• **EXERCISE DETAILS**
Could you retype exactly the lines below between the one holding "Honda NC750XD DCT, Model" and the one holding "市集里摆满了各种充满夏日度假", inclusive, leaving out any pictures?

═════ SOURCE DATA

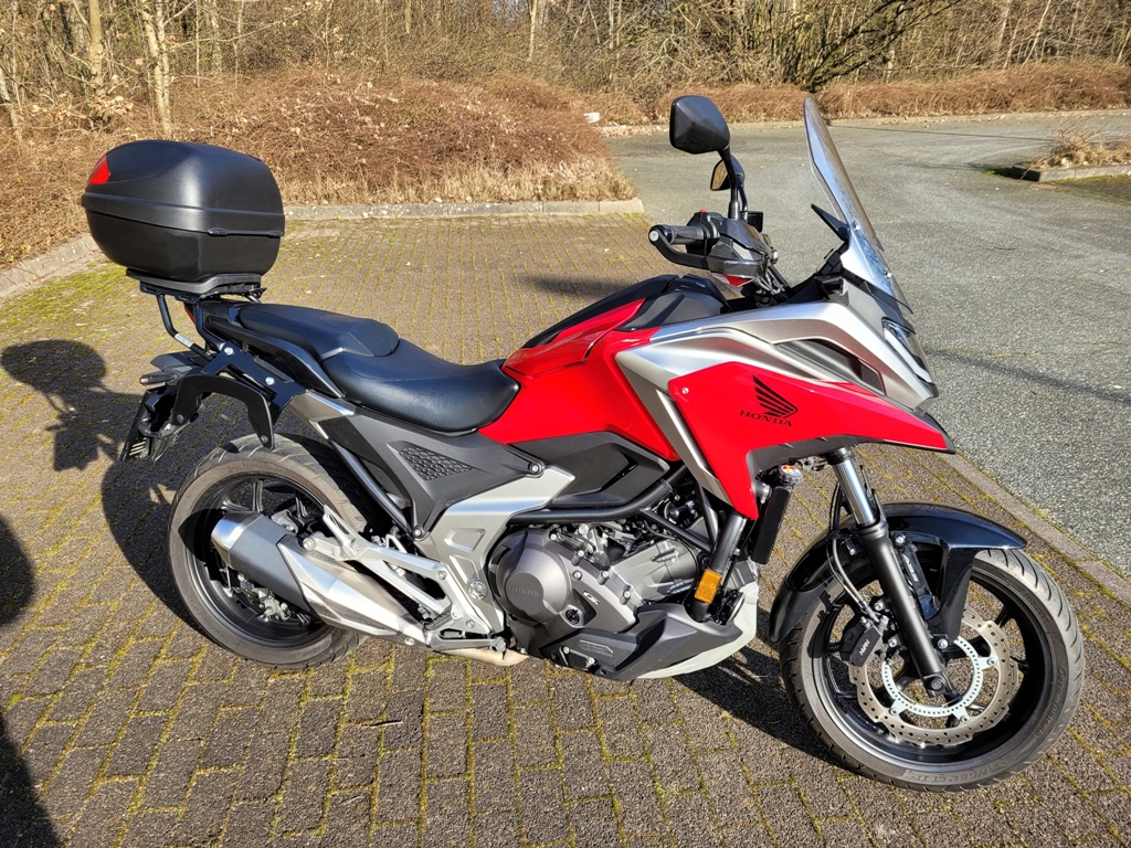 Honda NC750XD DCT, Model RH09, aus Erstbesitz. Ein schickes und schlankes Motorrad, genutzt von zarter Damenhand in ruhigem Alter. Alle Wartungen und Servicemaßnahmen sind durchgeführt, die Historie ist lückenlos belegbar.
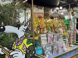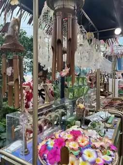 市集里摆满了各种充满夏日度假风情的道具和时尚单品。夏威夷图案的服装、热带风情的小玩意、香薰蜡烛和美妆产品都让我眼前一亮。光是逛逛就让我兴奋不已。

══════════
═════ SOURCE DATA

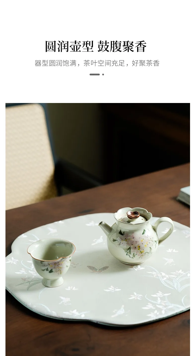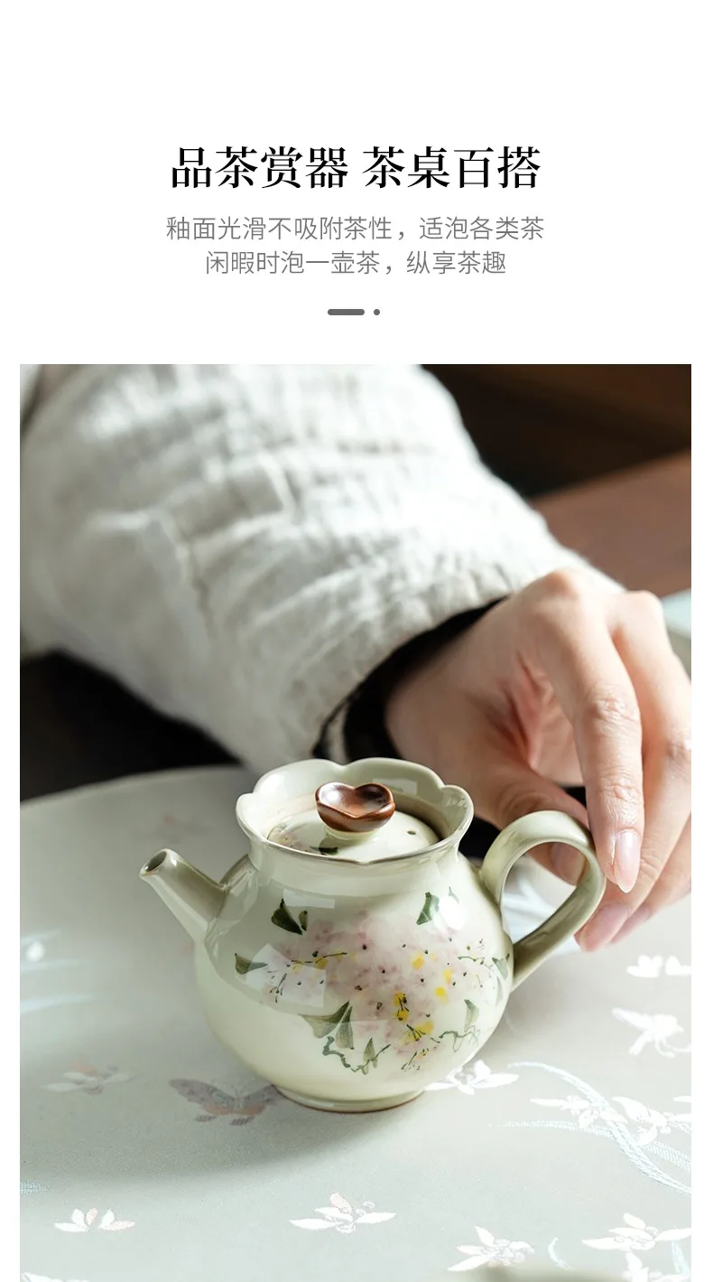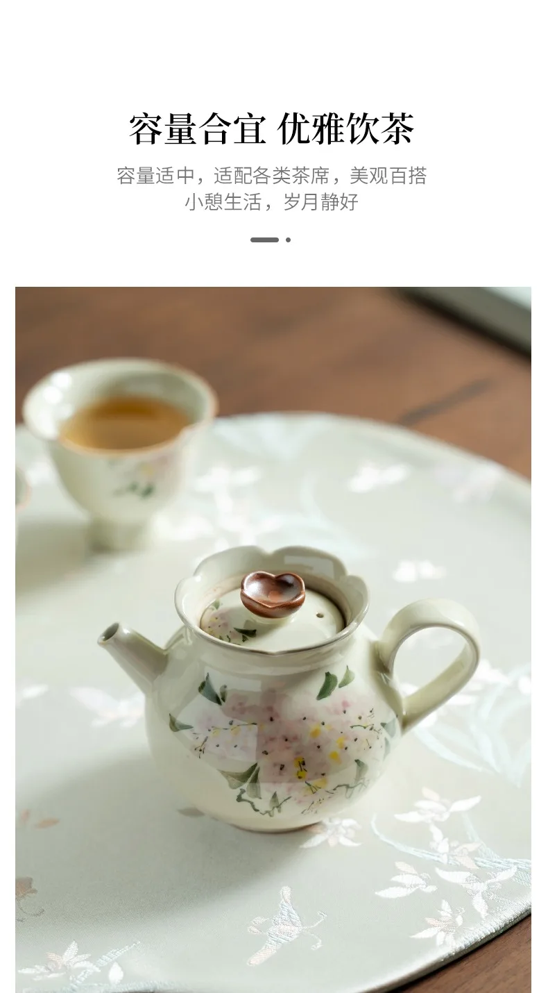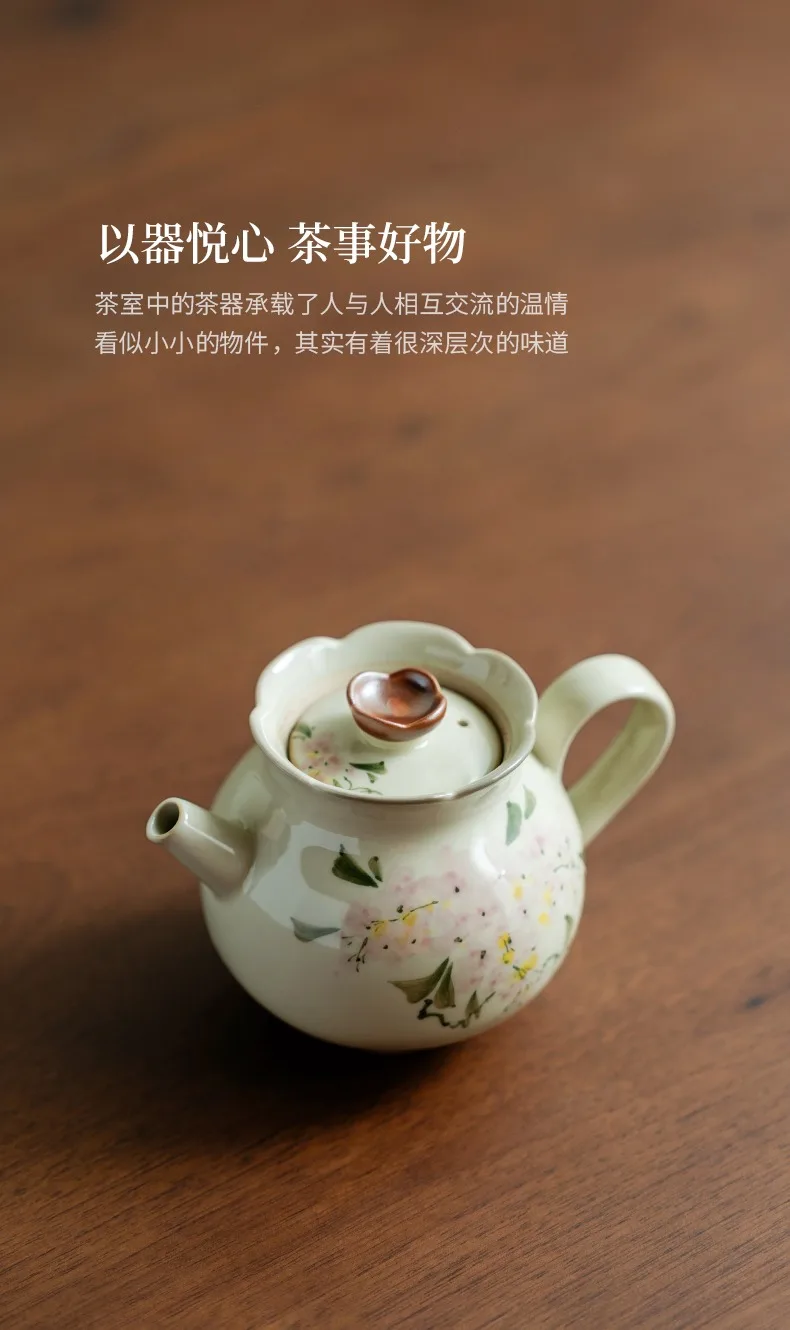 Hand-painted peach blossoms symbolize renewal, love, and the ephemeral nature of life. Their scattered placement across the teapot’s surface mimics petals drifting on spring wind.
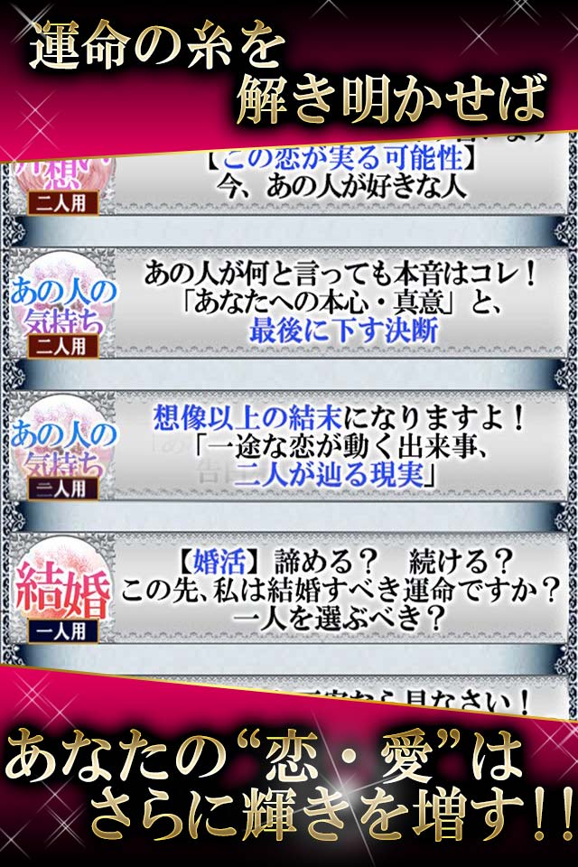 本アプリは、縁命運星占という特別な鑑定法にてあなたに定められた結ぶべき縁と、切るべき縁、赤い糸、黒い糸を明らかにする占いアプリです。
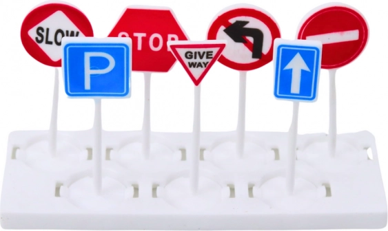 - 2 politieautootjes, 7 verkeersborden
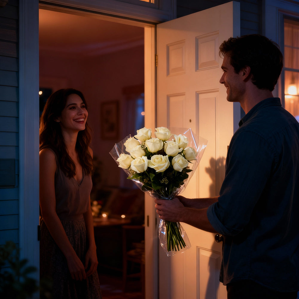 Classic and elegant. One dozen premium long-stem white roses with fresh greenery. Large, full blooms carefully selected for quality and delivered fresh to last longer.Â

══════════

• **REPLY**
 Honda NC750XD DCT, Model RH09, aus Erstbesitz. Ein schickes und schlankes Motorrad, genutzt von zarter Damenhand in ruhigem Alter. Alle Wartungen und Servicemaßnahmen sind durchgeführt, die Historie ist lückenlos belegbar.
 市集里摆满了各种充满夏日度假风情的道具和时尚单品。夏威夷图案的服装、热带风情的小玩意、香薰蜡烛和美妆产品都让我眼前一亮。光是逛逛就让我兴奋不已。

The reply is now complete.